■ **PROMPT**
Beginning with the line containing "Stránkaaqua počítač RGB", transcribe every line exactly down to the last one in the records below, and drop the pictures.

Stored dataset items
───
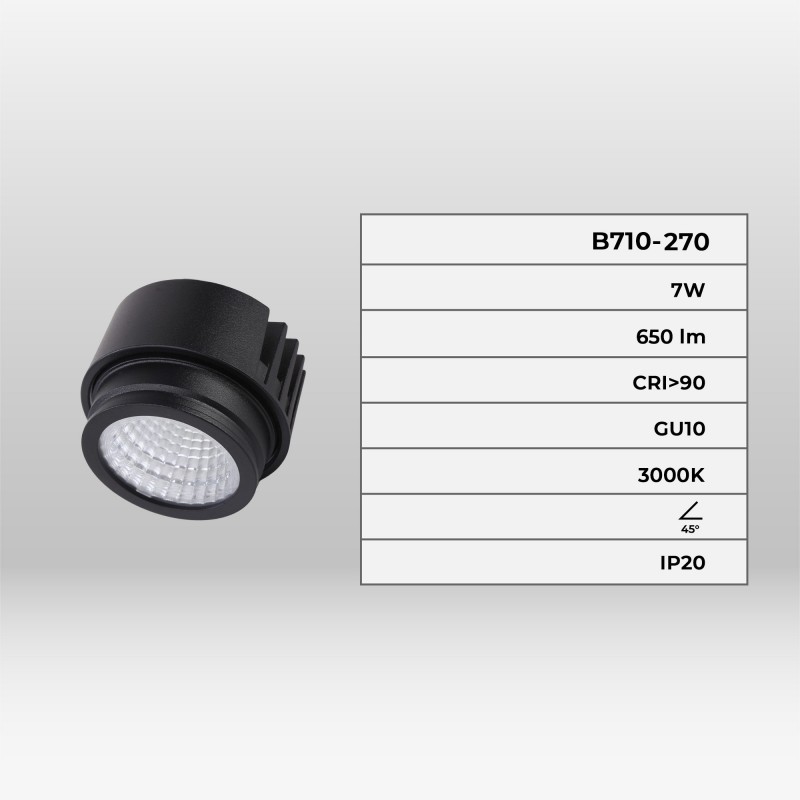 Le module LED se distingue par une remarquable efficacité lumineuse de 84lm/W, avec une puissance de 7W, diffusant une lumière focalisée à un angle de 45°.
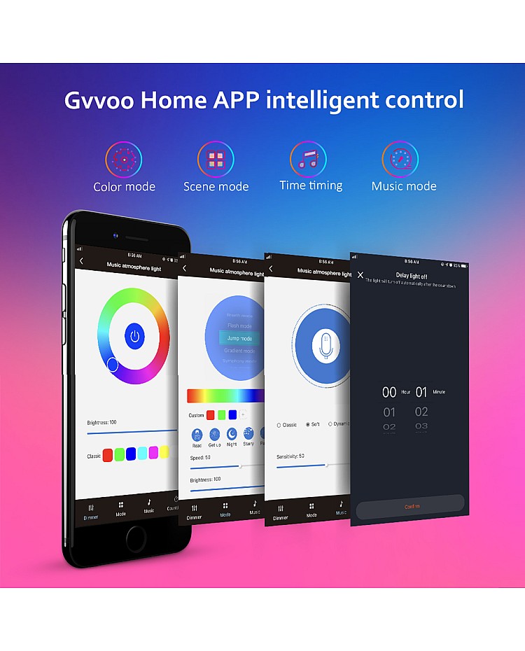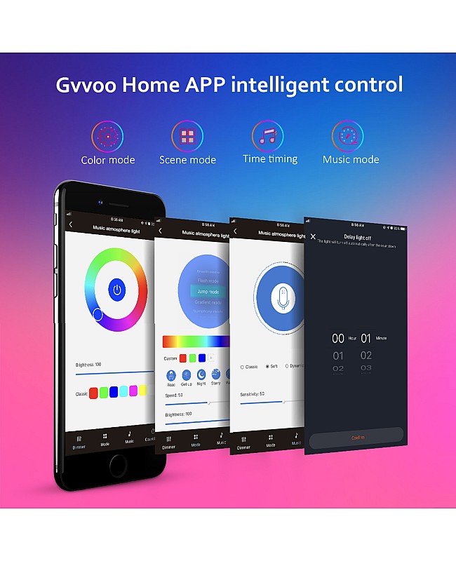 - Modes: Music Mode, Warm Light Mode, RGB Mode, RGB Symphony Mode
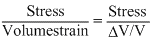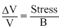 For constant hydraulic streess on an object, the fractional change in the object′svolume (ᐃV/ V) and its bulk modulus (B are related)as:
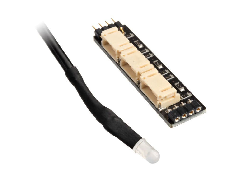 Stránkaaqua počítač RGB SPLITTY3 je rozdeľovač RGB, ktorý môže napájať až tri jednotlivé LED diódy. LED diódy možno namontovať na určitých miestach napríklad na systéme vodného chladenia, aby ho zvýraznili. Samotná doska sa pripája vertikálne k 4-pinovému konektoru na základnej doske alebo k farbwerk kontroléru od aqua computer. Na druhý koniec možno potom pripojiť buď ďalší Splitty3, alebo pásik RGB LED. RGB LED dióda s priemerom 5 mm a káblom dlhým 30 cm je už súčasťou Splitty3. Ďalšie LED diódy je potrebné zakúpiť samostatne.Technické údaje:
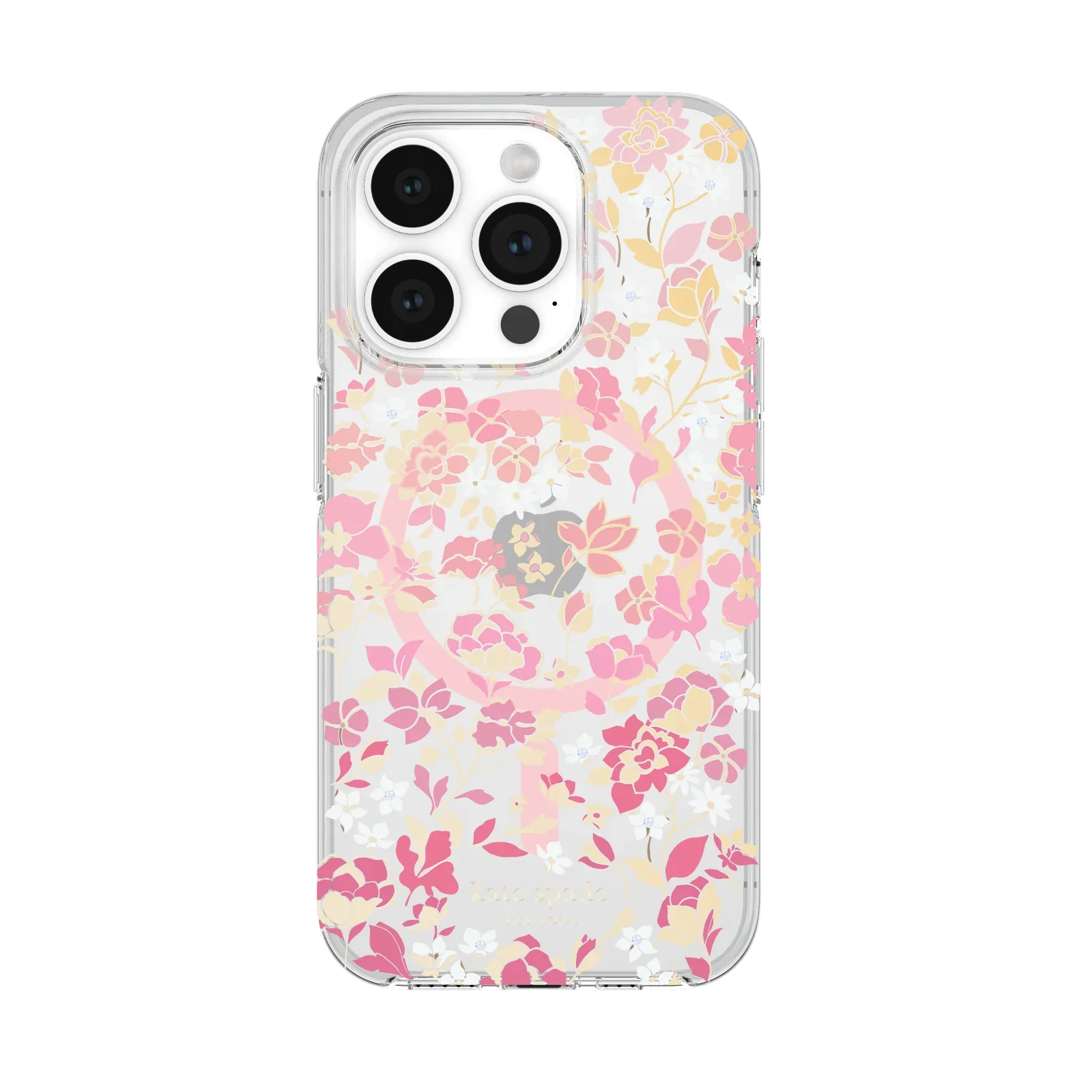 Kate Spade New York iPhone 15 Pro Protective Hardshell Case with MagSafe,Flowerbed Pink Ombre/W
───
■ **ANSWER SPACE**
 Stránkaaqua počítač RGB SPLITTY3 je rozdeľovač RGB, ktorý môže napájať až tri jednotlivé LED diódy. LED diódy možno namontovať na určitých miestach napríklad na systéme vodného chladenia, aby ho zvýraznili. Samotná doska sa pripája vertikálne k 4-pinovému konektoru na základnej doske alebo k farbwerk kontroléru od aqua computer. Na druhý koniec možno potom pripojiť buď ďalší Splitty3, alebo pásik RGB LED. RGB LED dióda s priemerom 5 mm a káblom dlhým 30 cm je už súčasťou Splitty3. Ďalšie LED diódy je potrebné zakúpiť samostatne.Technické údaje:
 Kate Spade New York iPhone 15 Pro Protective Hardshell Case with MagSafe,Flowerbed Pink Ombre/W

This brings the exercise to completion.